Il est également contreproductif d'exclure «de facto» l'UE de responsabilités en matière de Défense dans la mesure où cette organisation crée des intérêts communs aux Européens qu'elle doit savoir défendre. Y aurait-il des intérêts de sécurité communs européens qui s'opposeraient aux intérêts atlantiques? C'est peu probable, mais ces intérêts peuvent avoir des priorités et des valeurs différentes pour les deux rives de l'Atlantique.

En outre, le refus de reconnaître des compétences à la Commission dans le domaine de la défense alors que la plupart de ses actions interagissent précisément avec elle (voisinage, élargissement, recherche, entreprises, actions extérieures, aide au développement, assistance humanitaire etc..) semble relever de la schizophrénie politique à un moment où chacun reconnaît le besoin d'une approche globale des problèmes de sécurité et un nécessaire continuum entre sécurité et défense.

 

Seule une UE crédible peut être complémentaire avec l'Otan

En fait, la complémentarité entre les deux organisations doit pouvoir se décliner dans le champ politique en fonction des lieux, intérêts et opportunités d'intervention, comme dans le champ des capacités selon les types d'actions privilégiés, instruments disponibles, domaines d'excellence etc…Elle doit pouvoir se traduire par un renforcement de capacités d'action sur un même théâtre ou par un partage des rôles sur des théâtres différents.
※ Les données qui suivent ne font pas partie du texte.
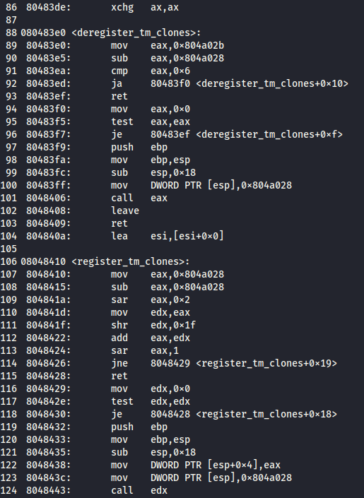 そんなこんなでodjdumpコマンドをVM上(OS:Kalilinux)で実行したら機械語を人間にも分かるようにしてくれました。

C'est sur ces bases et avec ces objectifs que doit être définie une complémentarité réaliste entre l'Otan et l'UE.

Jusqu'ici, l'ambition et les attributions de la PESD étant perçues par certains Etats comme concurrentes de l'Otan, il en est résulté un climat de compétition entre les deux organisations. En fait, les restrictions de compétences de l'UE motivées par l'existence de l'Otan font apparaître cette dernière comme un obstacle au développement des capacités européennes. En réalité, l'Otan sert de prétexte aux Etats européens qui craignent qu'une plus grande autonomie et capacité d'action de l'UE affaiblisse la garantie de sécurité à bon compte que leur offrent les Etats-Unis (plus les Européens sont vulnérables plus il faut les protéger) et qui leur permet de faire l'impasse sur leurs dépenses de défense.

L'indispensable mutualisation des capacités des Etats européens, condition de leur crédibilité, ne peut atteindre une réelle efficacité qu'avec un certain niveau d'intégration ce qui impose qu'elle s'inscrive dans un cadre politique cohérent. L'Otan est un organe privilégié et précieux de la coopération euro-atlantique mais l'UE est le creuset de la coopération européenne. Il est donc naturel que l'UE soit le cadre de la mutualisation des capacités européennes.

L'Otan et l'UE ne pourront être complémentaires que si l'UE est reconnue (sans restriction) comme un véritable acteur de la défense et de la sécurité capable d'agir selon les circonstances, de façon autonome ou en coopération avec les Etats-Unis. Le soutien de chaque pays européen aux Etats-Unis ne peut être que subsidiaire dans le domaine de la Défense, la seule complémentarité qui ait du sens est la complémentarité euro-atlantique c'est à dire celle de l'Europe avec les Etats-Unis.